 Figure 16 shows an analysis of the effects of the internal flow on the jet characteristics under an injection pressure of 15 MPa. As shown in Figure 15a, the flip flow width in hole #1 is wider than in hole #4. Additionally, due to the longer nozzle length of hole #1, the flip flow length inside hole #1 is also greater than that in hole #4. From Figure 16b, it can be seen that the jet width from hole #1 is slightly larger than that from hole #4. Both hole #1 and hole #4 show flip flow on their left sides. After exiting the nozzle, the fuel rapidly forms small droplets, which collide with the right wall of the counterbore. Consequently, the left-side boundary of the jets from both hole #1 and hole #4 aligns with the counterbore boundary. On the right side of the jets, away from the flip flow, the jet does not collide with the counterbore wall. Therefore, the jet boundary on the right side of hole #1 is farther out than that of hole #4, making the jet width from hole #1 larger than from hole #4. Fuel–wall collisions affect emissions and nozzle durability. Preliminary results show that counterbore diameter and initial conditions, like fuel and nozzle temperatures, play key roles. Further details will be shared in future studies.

...

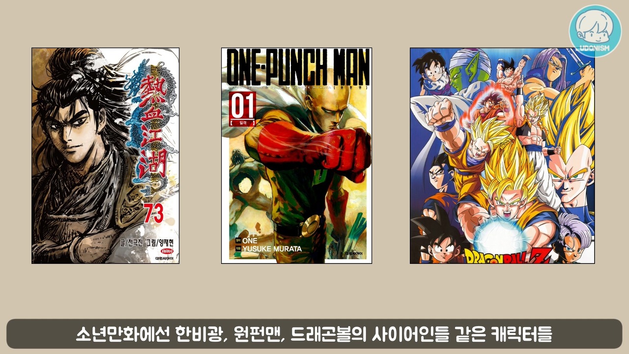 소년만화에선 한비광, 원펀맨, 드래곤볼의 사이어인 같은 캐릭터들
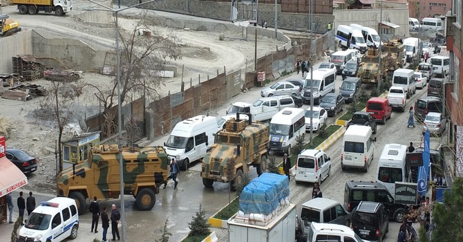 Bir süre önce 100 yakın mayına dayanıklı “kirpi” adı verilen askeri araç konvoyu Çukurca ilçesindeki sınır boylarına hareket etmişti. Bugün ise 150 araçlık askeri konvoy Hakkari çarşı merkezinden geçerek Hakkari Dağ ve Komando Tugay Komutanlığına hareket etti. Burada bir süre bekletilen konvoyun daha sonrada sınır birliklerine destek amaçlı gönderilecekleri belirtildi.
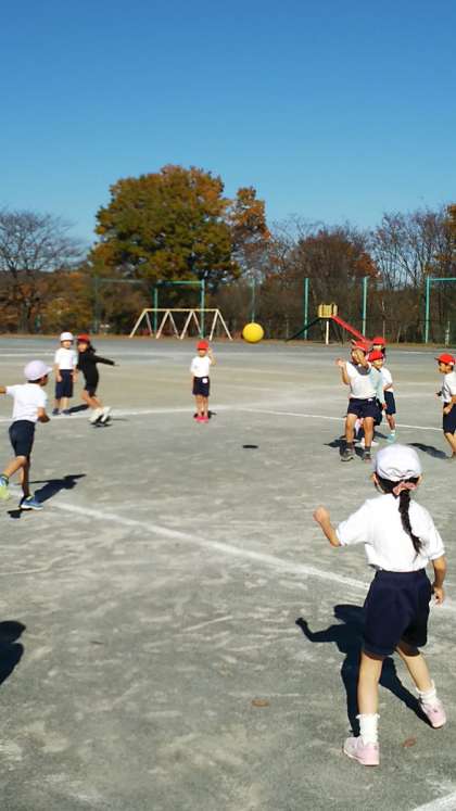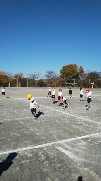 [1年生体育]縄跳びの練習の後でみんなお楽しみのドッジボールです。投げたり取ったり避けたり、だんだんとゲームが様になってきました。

### TASK STATEMENT
Would you copy the lines above exactly, starting with the one that has "소년만화에선 한비광, 원펀맨, 드래곤볼의 사이어인 같은 캐릭터들" and ending with the one that has "[1年生体育]縄跳びの練習の", both included, without the pictures?

### EXERCISE SOLUTION
 소년만화에선 한비광, 원펀맨, 드래곤볼의 사이어인 같은 캐릭터들
 Bir süre önce 100 yakın mayına dayanıklı “kirpi” adı verilen askeri araç konvoyu Çukurca ilçesindeki sınır boylarına hareket etmişti. Bugün ise 150 araçlık askeri konvoy Hakkari çarşı merkezinden geçerek Hakkari Dağ ve Komando Tugay Komutanlığına hareket etti. Burada bir süre bekletilen konvoyun daha sonrada sınır birliklerine destek amaçlı gönderilecekleri belirtildi.
 [1年生体育]縄跳びの練習の後でみんなお楽しみのドッジボールです。投げたり取ったり避けたり、だんだんとゲームが様になってきました。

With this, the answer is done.